Step 3: Introduce a “two-channel” confirmation
If an email asks for urgency, confirm through a different channel:
- Email request → confirm by phone
- WhatsApp request → confirm by Teams/phone
Fraudsters try to keep you in one channel because it’s easier to control the narrative.
Step 4: Prepare an incident checklist (speed matters)
When APP fraud happens, minutes count.
Your checklist should include:
- Who contacts the bank and how
- What evidence to preserve (emails, headers, invoice PDFs)
- Who pauses further payments
- How to notify impacted suppliers/customers
AI can help here too: keep a drafted incident template and let AI populate it with the key facts from the thread.

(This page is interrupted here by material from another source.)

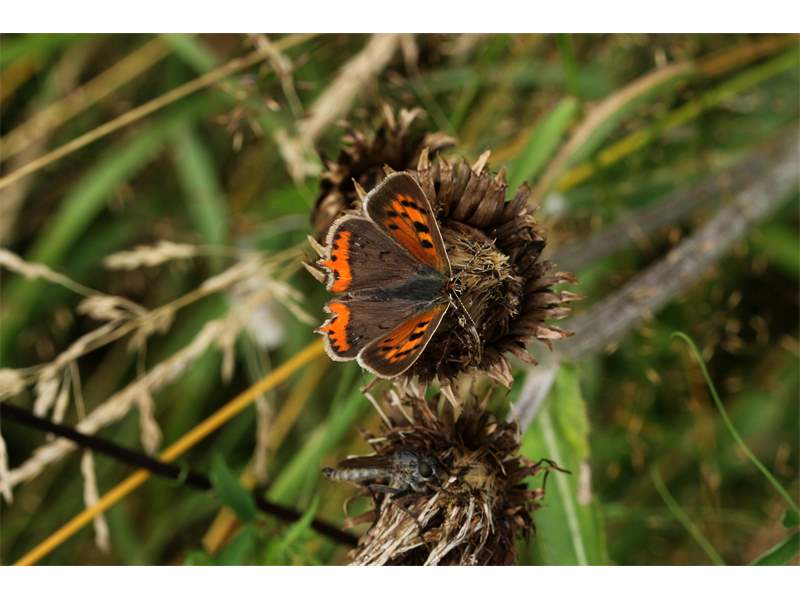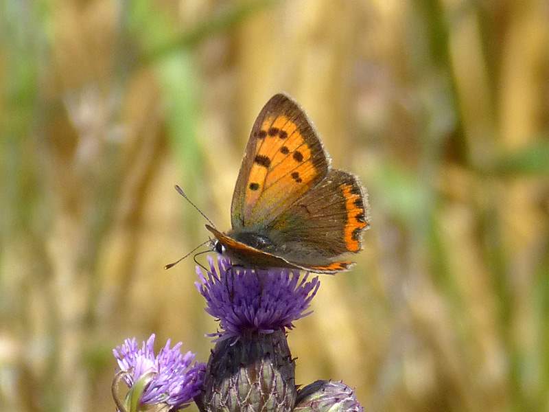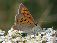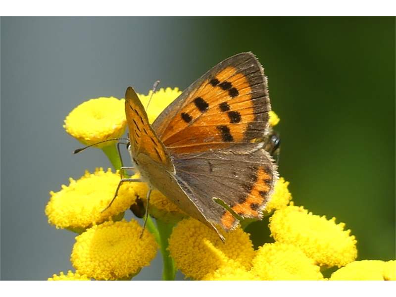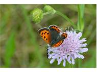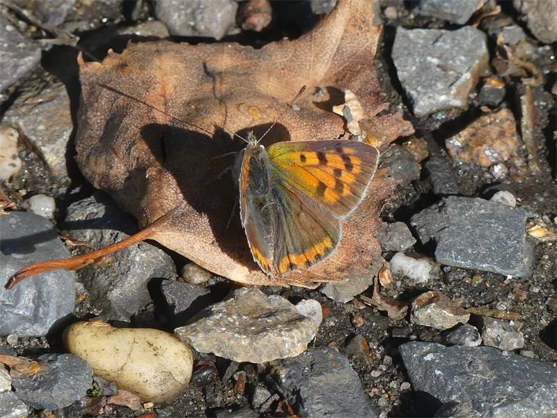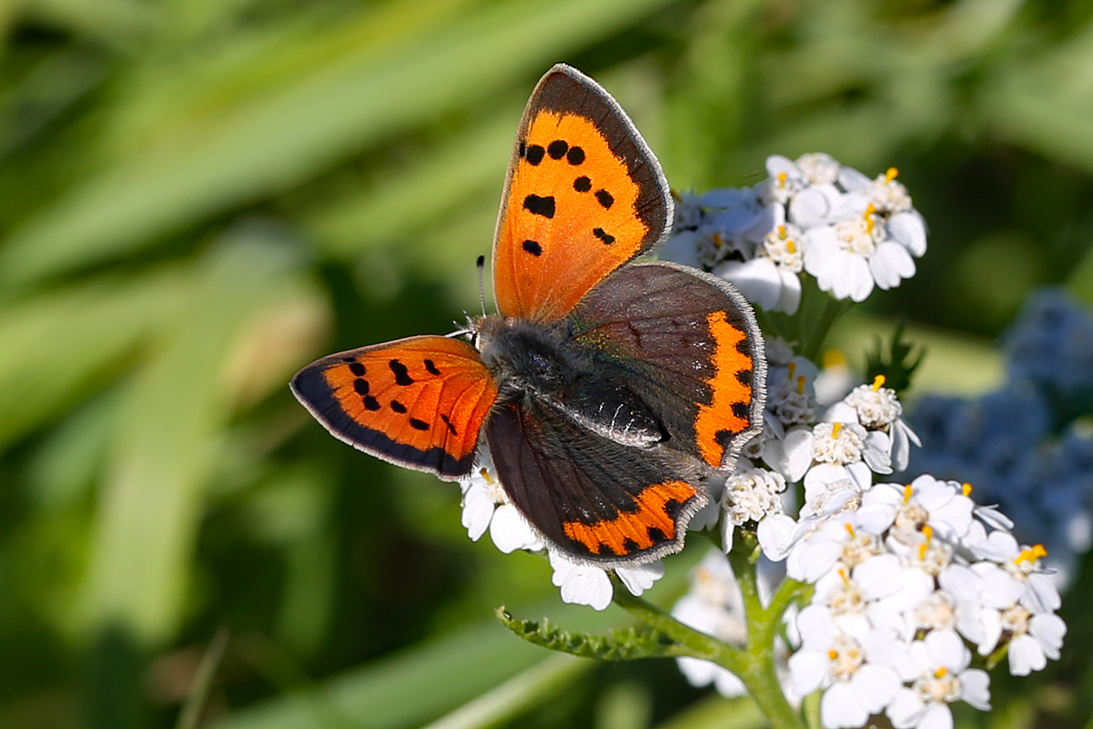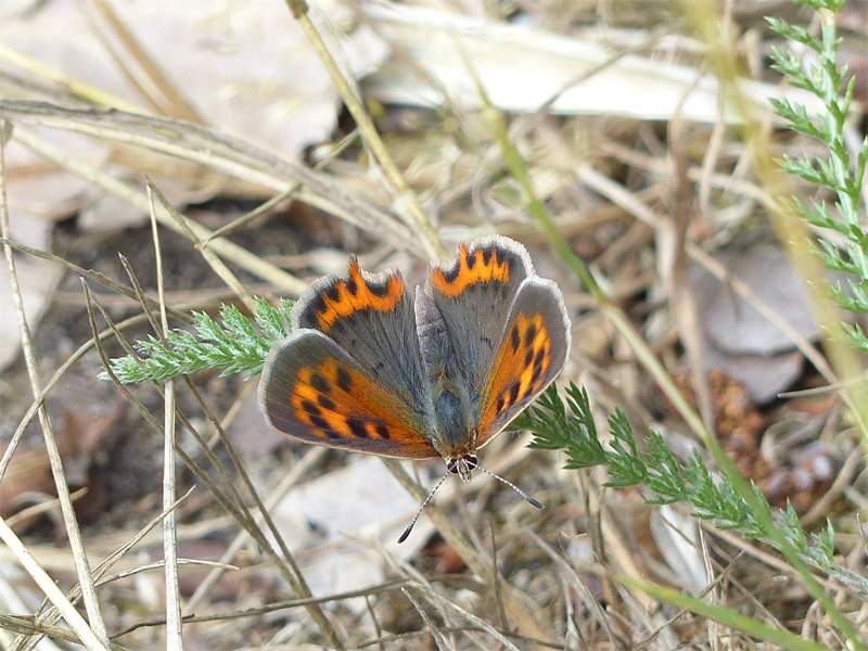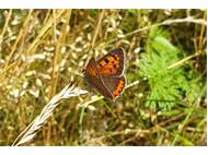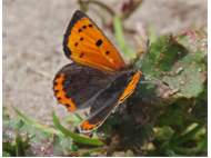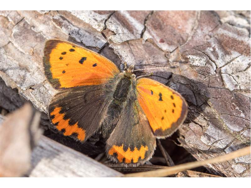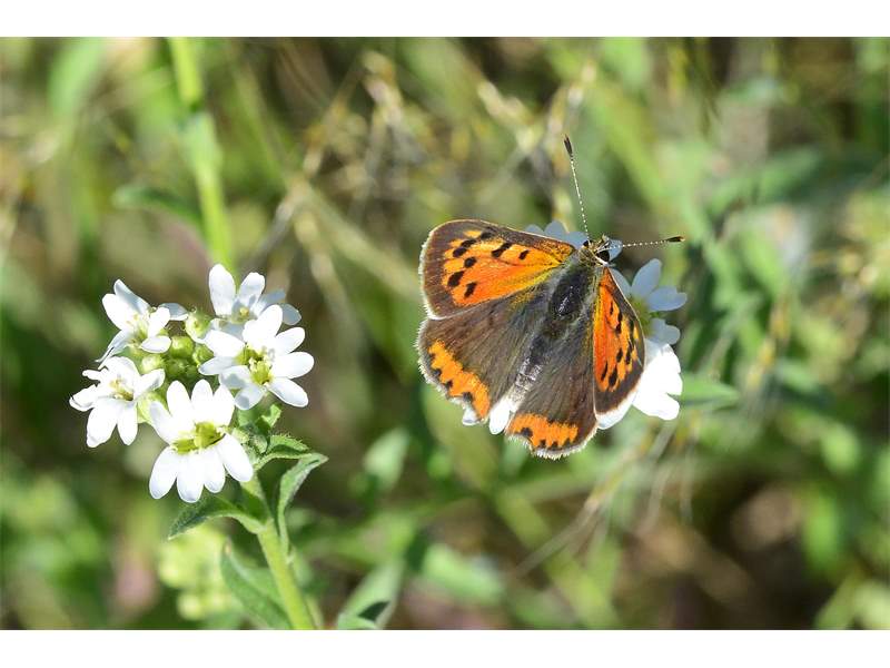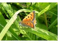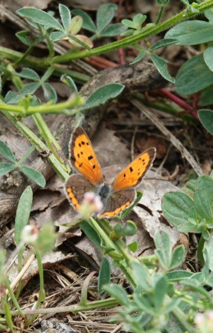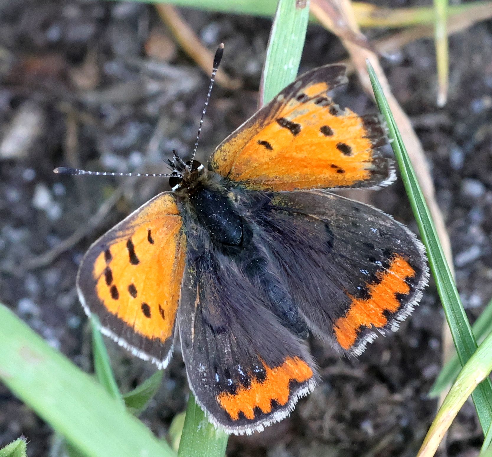 Kleiner Feuerfalter (Lycaena phlaeas (Linnaeus, 1761)), Laue, Rekultivierungsbereich der Tagebaulandschaft Goitzsche östlich vom Seelhausener See, nahe Leipzig, 16. Juni 2019

Where banks are going next—and what SMEs can copy
The article hints at the direction of travel: data sharing and intelligence sharing across banks and tech firms (e.g., industry pilots to share signals about fraud campaigns).
Banks will keep expanding:
- Network-level fraud signals (mule accounts, beneficiary risk scoring)
- Behavioural biometrics (how users type/click)
- Pattern recognition across huge transaction graphs
SMEs can’t copy the scale, but you can copy the principle:
- Centralise your finance data (invoices, approvals, supplier master list)
- Keep clean histories so anomalies stand out
- Use AI to compare “now” vs “normal” automatically
One-liner worth remembering: Fraud prevention is a data quality problem before it’s an AI problem.
The stance I’d take as a small business owner
Banks paying £173m back to victims is a reminder that APP fraud isn’t a fringe issue—it’s a mainstream operational risk. And because these payments are authorised, prevention has to happen before the transfer.
If you do one thing this week, make it this: treat supplier bank detail changes as high-risk events and enforce a call-back process. If you do a second thing, add an AI-supported review step so anomalies don’t rely on someone’s memory at 5:45pm.
This is where the broader theme of AI in UK retail banking digital transformation becomes useful to SMEs: the techniques banks are building—pattern recognition, risk scoring, and automated triage—are exactly what smaller firms can adopt in simplified form.
If your finance process had a built-in “pause and verify” button for the top 5% riskiest payments, how many scams would fail outright?